Archive for September 2, 2019

How the Cheesecake Factory is like Healthcare and CS Education

Stephen Dubner of the Freakonomics Podcast did an interview with Atul Gawande, author of the Checklist Manifesto. Atul is a proponent of a methodical process — from a behavioral economist perspective, not from an optimization perspective. People make mistakes, and if we’re methodical (like the use of checklists), we’re less likely to make those mistakes. If we can turn our process into a “recipe,” then we will make fewer mistakes and have more reliable results. Here’s a segment of the interview where he argues for that process in healthcare.

DUBNER: Okay, what’s the difference between a typical healthcare system and say, a restaurant chain like the Cheesecake Factory?

GAWANDE: You’re referring to the article I wrote about the Cheesecake Factory…Basically what I was talking about was the idea that, here’s this restaurant chain. And yes, it’s highly caloric, but the Cheesecake Factorys here have as much business as a medium-sized hospital — $100 million in business a year. And they would cook to order every meal people had. And in order to make that happen, they have to run a whole process that they have real cooks, but then they have managers.

I was talking to one of the managers there about how he would make healthcare work. And his answer was, “Here’s what I would do, but of course you guys do this. I would look to see what the best people are doing. I would find a way to turn that into a recipe, make sure everybody else is doing it, and then see how far we improve and try learning again from that.” He said, “You do that, right?” And we don’t. We don’t do that.

Here’s where Gawande’s approach ties to education. Later in the interview:

DUBNER: And do you ever in the middle of, let’s say, a surgery think about, “Oh, here’s what I will be writing about this day?”
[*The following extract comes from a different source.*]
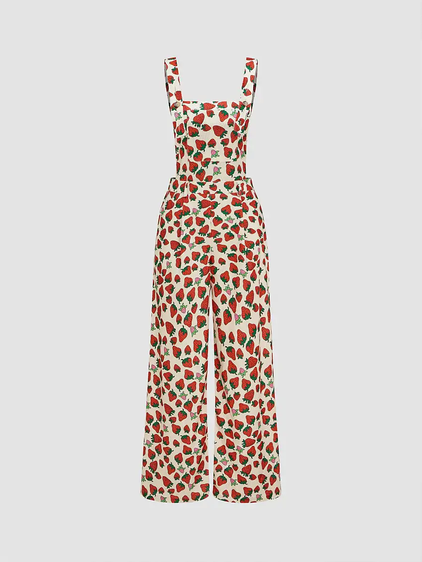Sale!Woven Strawberry Print Wide Leg Jumpsuit
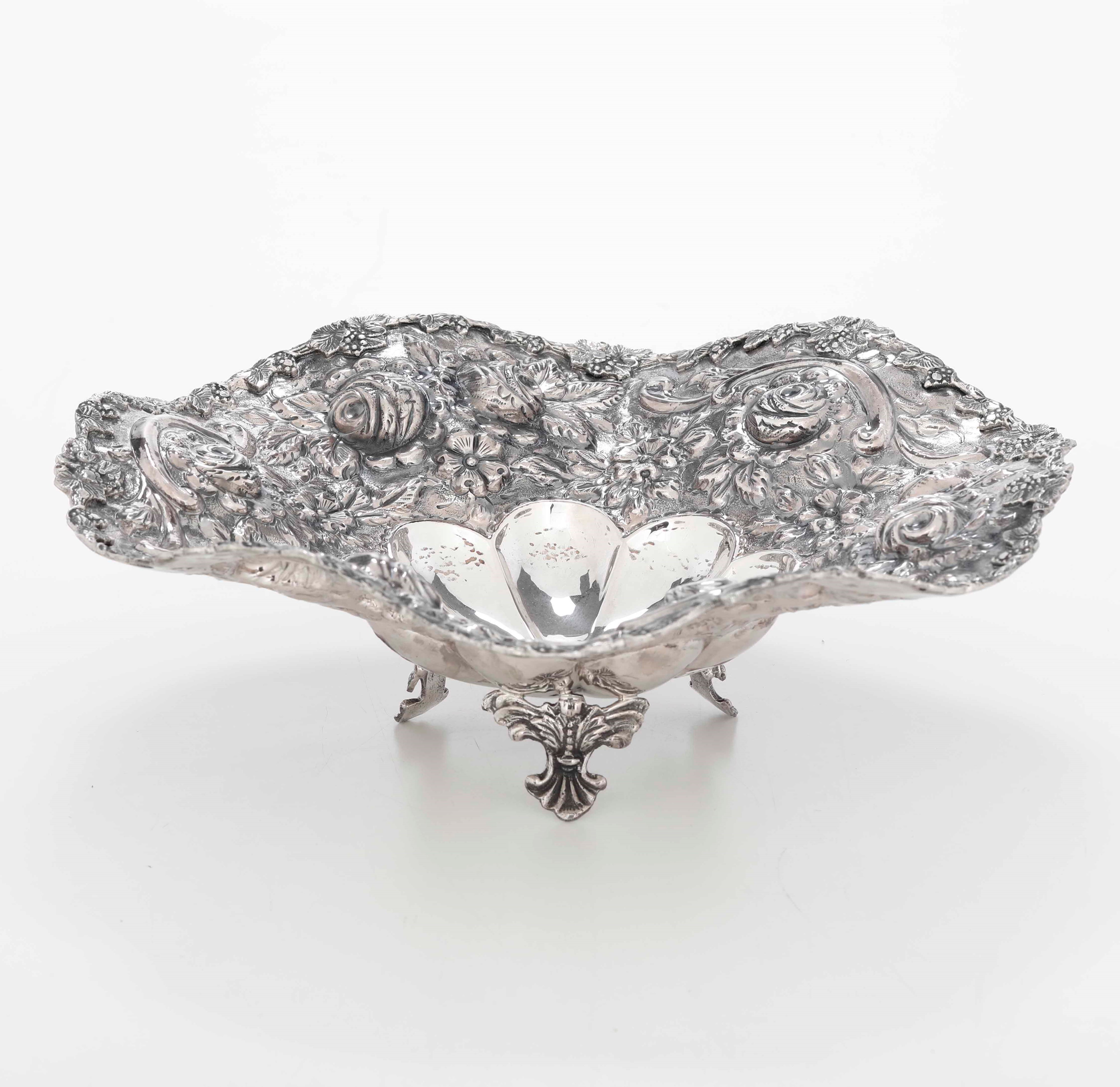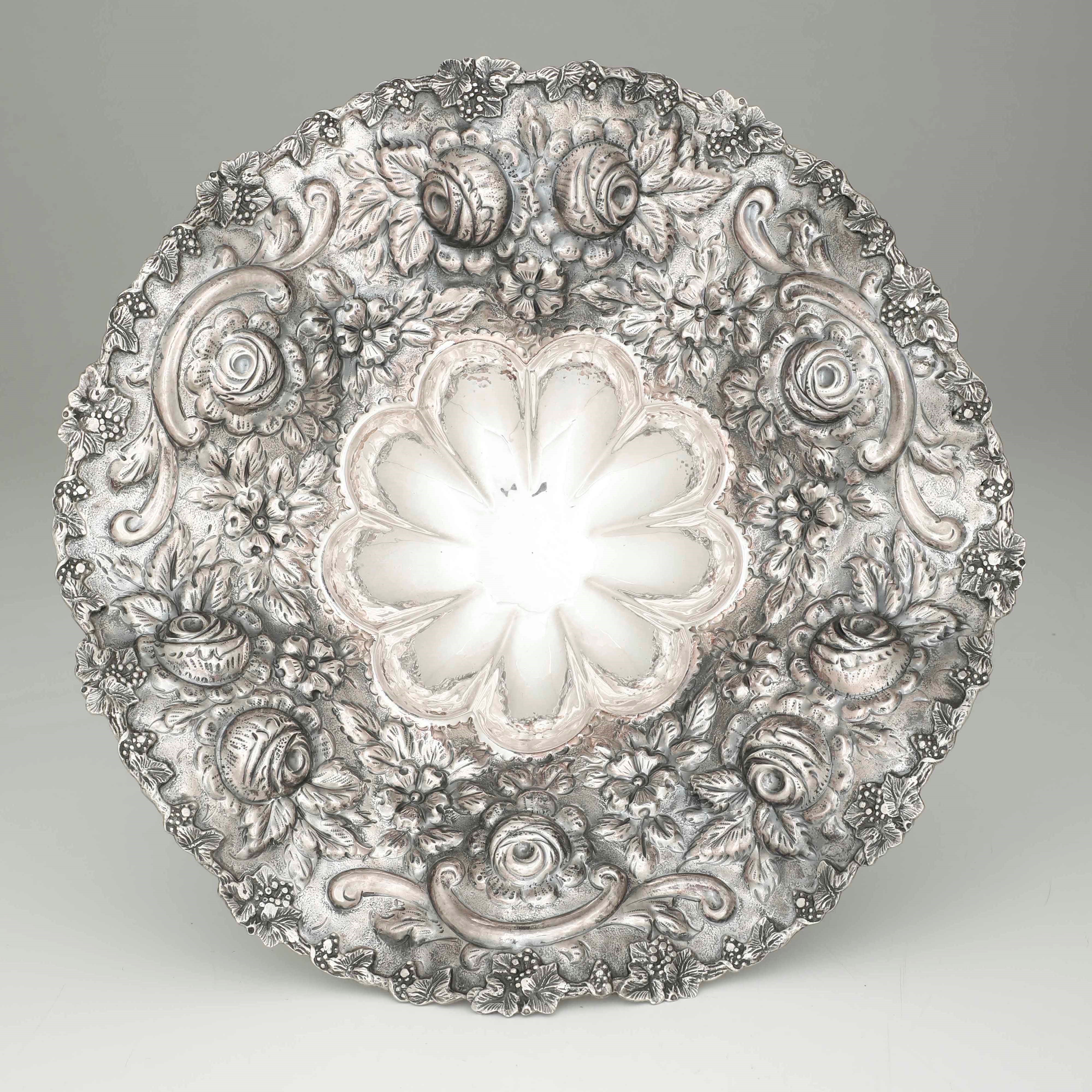 Centrotavola in argento fuso, sagomato e cesellato, con bordo mistillineo sbalzato [..]

GAWANDE: You know, I don’t really; I’m in the flow. One of the things that I love about surgery is: it is, I have to confess, the least stressful thing I do, because at this point I’ve done thousands of the operations I do. Ninety-seven to 98 percent go pretty much as expected, and the 2 percent that don’t, I know the 10 different ways that are most common that they’ll go wrong and I have approaches to it. So it’s kind of freeing in a certain way.

I think about teaching like this. I have been teaching computing since 1980. I actively seek out new teaching methods. Teaching CS is fun for me — because I know lots of ways to do it, I have choices which keeps it interesting. I have mentioned the fascinating work on measuring teacher PCK (Pedagogical Content Knowledge) by checking how accurately teachers can predict how students will get exam questions wrong. I know lots of ways students can get computer science wrong. I still get surprises, but because I’m familiar with how students can get things wrong, I have a starting place for supporting students in constructing stronger conceptions.

We can teach this. The model of expertise that Gawande describes is achievable for CS teachers. We can teach new CS teachers methods that they can choose from. We can teach them common student mental models of programming, how to diagnose weaker understandings, and ways to help them improve their mental models. We can make a checklist of what a CS teacher needs to know and be able to do.